§ YOUR GOAL
Without the pictures, print the lines from the one holding "Spelling suggestions are" through the last line below, both included, exactly as they stand.

Start of SUPPLIED MATERIAL

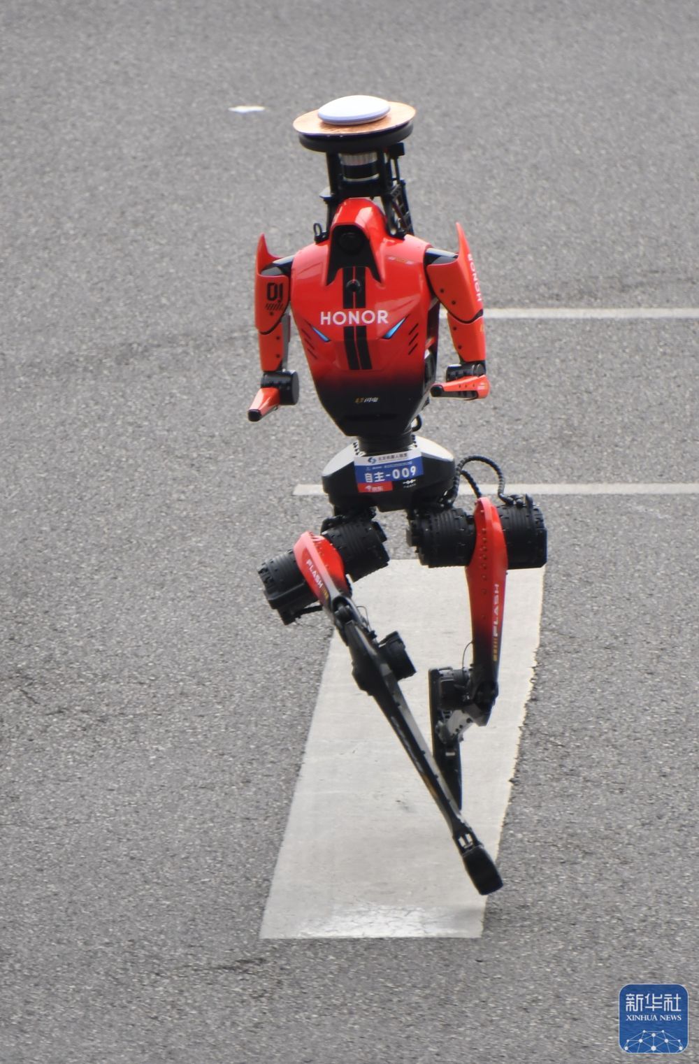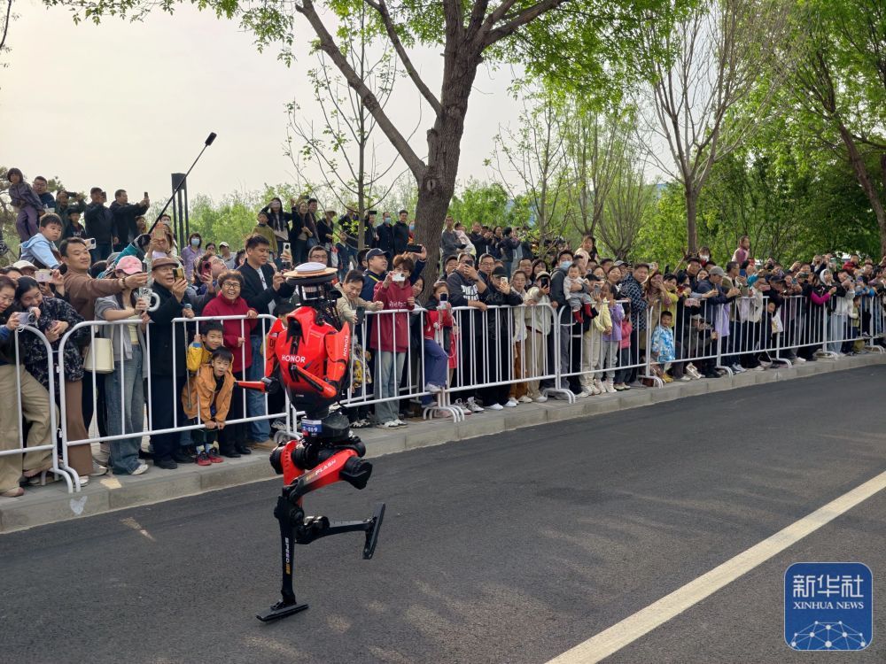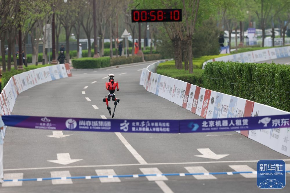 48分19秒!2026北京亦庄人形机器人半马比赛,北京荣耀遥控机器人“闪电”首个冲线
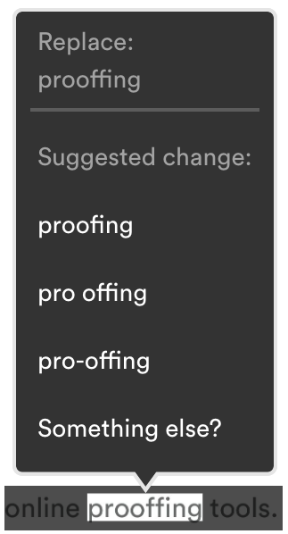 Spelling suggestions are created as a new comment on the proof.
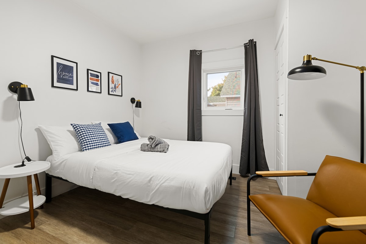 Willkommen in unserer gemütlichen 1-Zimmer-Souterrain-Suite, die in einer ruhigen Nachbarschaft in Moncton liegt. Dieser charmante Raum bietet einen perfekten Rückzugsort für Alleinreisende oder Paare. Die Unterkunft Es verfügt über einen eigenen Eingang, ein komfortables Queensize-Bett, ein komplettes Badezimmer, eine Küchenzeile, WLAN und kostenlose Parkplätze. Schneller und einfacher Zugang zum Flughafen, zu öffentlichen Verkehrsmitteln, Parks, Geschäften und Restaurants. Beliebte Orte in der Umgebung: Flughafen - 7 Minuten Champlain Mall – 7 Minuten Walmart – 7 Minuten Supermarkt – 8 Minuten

End of SUPPLIED MATERIAL

§ TASK RESULT
 Spelling suggestions are created as a new comment on the proof.
 Willkommen in unserer gemütlichen 1-Zimmer-Souterrain-Suite, die in einer ruhigen Nachbarschaft in Moncton liegt. Dieser charmante Raum bietet einen perfekten Rückzugsort für Alleinreisende oder Paare. Die Unterkunft Es verfügt über einen eigenen Eingang, ein komfortables Queensize-Bett, ein komplettes Badezimmer, eine Küchenzeile, WLAN und kostenlose Parkplätze. Schneller und einfacher Zugang zum Flughafen, zu öffentlichen Verkehrsmitteln, Parks, Geschäften und Restaurants. Beliebte Orte in der Umgebung: Flughafen - 7 Minuten Champlain Mall – 7 Minuten Walmart – 7 Minuten Supermarkt – 8 Minuten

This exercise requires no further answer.